It is a form common to many systems.

The bunkai in any of the systems are not static...the practitioner must adjust for distance, timing, and angle of attack regardless of the "base" application...when that happens, different weapons must be used...

I don't think that we can effectively explore bunkai in a written format...for those who disagree, please continue to post your applications...but, I was not the first to cast the "attitude" stone...and I believe my replies have been civil and appropriate...the only person I referred to as an a**hole, was myself.

If I see a point I can help clarify, I will...
I have learned from sharing on this board...I would like to continue to do so...but I won't waste my energy arguing over the cyberdojo... 

Thanks for your input

:asian:
chufeng


----------



## RyuShiKan (Sep 16, 2002)

> _Originally posted by Kaith Rustaz _
> 
> *
> You have to keep in mind that some things do not translate well to a writen media, and that misunderstandings will occur.   *



Precisely my point which is why I believe "training" on the Internet is not a good idea. If people can't tell when you are joking, being, sarcastic or whatever how the heck are they going to be able to understand the finer points of a technique?? When I am teaching in the dojo and a student is watching technique they don't always get it even after it has been demonstrated several times...........they need to feel it to understand it.
There is only one way to study a martial art properly.........and that is hands on. 




> _Originally posted by Kaith Rustaz _
> 
> *For those who do not wish to read what someone posts, use the 'ignore' feature.*



Sorry to be "blunt" but I find that option a bit childish. Sort of like poking you head back in the hole in the sand because you can't handle another opinion. It's a cop-out. Even though I don't agree with some folks on this board I will still read what they have to say................in some cases I have found those people I have disagreed with in the past to write some of the more enlightening things later on.


----------



## arnisador (Sep 16, 2002)

Those who do not wish to share information or training ideas on the Internet are welcome to not share them here.

Those who do wish to share information or training ideas on the Internet are welcome to share them here.

Martialtalk.com is for the friendly discussion of the martial arts. Please, discuss the martial arts in a friendly way.

-Arnisador
-MT Admin-


----------



## RyuShiKan (Sep 17, 2002)

> _Originally posted by Kaith Rustaz _
> 
> *question:
> 
> ...



Naihanchi Shodan is probably the most common kata among Okinawan karate and even a few of the Japanese off shoots have it. 
It is one of the oldest kata and the "author" is not known, unlike some of the other kata.........say Kusanku for example.

There are slightly different versions of Naihanchi........some are "new" versions and some are older. Basically the "embusen" (directional layout) is the same with only slight differences in hand motions. 

Naihanchi is rather simple looking in it's basic performance but most, if not all, of the movements have several different levels of technique from extremely basic or crude techniques, elbow smashes and stomps, on up to extremely advanced techniques that don't even resemble karate but look more like Chinese Bagua and TaiChi. (If anyone has questions about Bagua/Pa Kua talk to one of the Chinese stylist on this BB.)
With in Naihanchi there are kicks, atemi strikes, kyusho strikes, tuite, & blocks of a rather complex nature as well.

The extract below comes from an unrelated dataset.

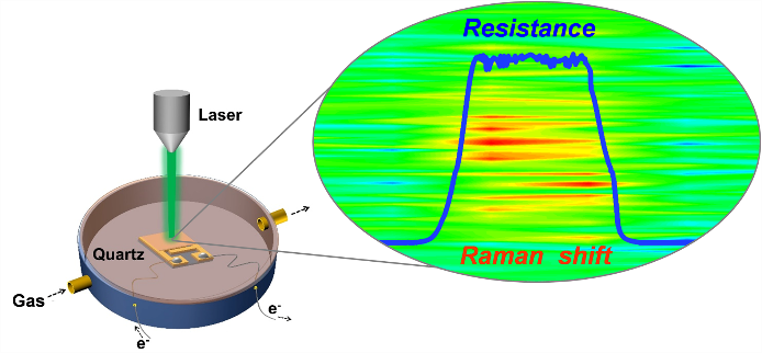 随着物联网和便携式电子设备的飞速发展,对低功耗室温气体传感器的需求日益迫切。然而,传统室温传感器普遍面临灵敏度低、响应恢复慢等挑战,其核心原因在于传感过程中材料表面缺陷、气体分子与环境间的复杂相互作用机制尚不明确。该工作创新性地利用可见光照射调控氧化铟(In2O₃)材料表面的氧空位浓度,并通过一系列先进的原位光谱技术(如原位Raman、DRIFTS),在原子/分子层面实时观测了传感过程中氧空位的动态生成与演化过程。研究发现,光照下产生的“光激发氧空位”,而非传统认为的光生电子-空穴对,是主导室温NO₂传感性能提升的关键因素。这些氧空位作为活性中心,不仅能增强NO₂的化学吸附,还能通过调控表面电荷转移显著降低反应能垒,从而使传感器在室温下对低浓度NO₂表现出超高灵敏度、超快响应/恢复速度以及优异的长期稳定性和选择性。该研究不仅揭示了光激发下氧空位动态演化对提升传感器性能的关键作用,同时阐明了光-缺陷-气体三者相互作用的微观机制,建立起一套缺陷介导的表面反应通用研究框架。这为面向环境监测、智能家居、可穿戴设备等领域的高性能、低能耗光电气体传感器,指明了材料设计与性能优化的方向。此外,该研究成果也对催化、电子器件等多个前沿领域具有重要的借鉴意义。

In Japanese there is a saying: "less is more", although Naihanchi is not by any means Japanese it is the physical embodiment of that idiom.
It's looks can be deceptive.
This is one reason why so many Karateka think it is a "baby kata" or "beginners kata"........far from it. 
My teacher told me he has found no less than 300 life protection techniques and says he feels there are still many more. That is a lot because if you ever saw the kata performed it takes about 20 to 30 seconds from start to finish, and that's going fairly slow.


----------



## Sensei Mike (Sep 17, 2002)

Well, this post makes 34 on this thread, 25 or so not mine. There's lots of discussion of so much other than the request in the thread. (Including some very welcome posts that I ignore the noise.) 

I am still interested in a meaningful exchange of interpretations of the movements of Naihanchi shodan. I would appreciate thoughts on the movements to the right. So far, no one has posted a meaningful interpretation of these. (In fairness, there was one short description, that stated: "wrist lock, leg bite, focused knuckle strike...." But this level of detail was not my expectation in the exchange. To begin with, I am unfamiliar with the term leg bite.) There were also some welcome contributions regarding the hand movements up and down, a jpg of what appears to be an interpretation of these up and down hand movements, and a great link to some Oyata videos, one of which had an great interpretation regarding the up and down hand motions. Still there has not been any offerings regarding the movements to the right. 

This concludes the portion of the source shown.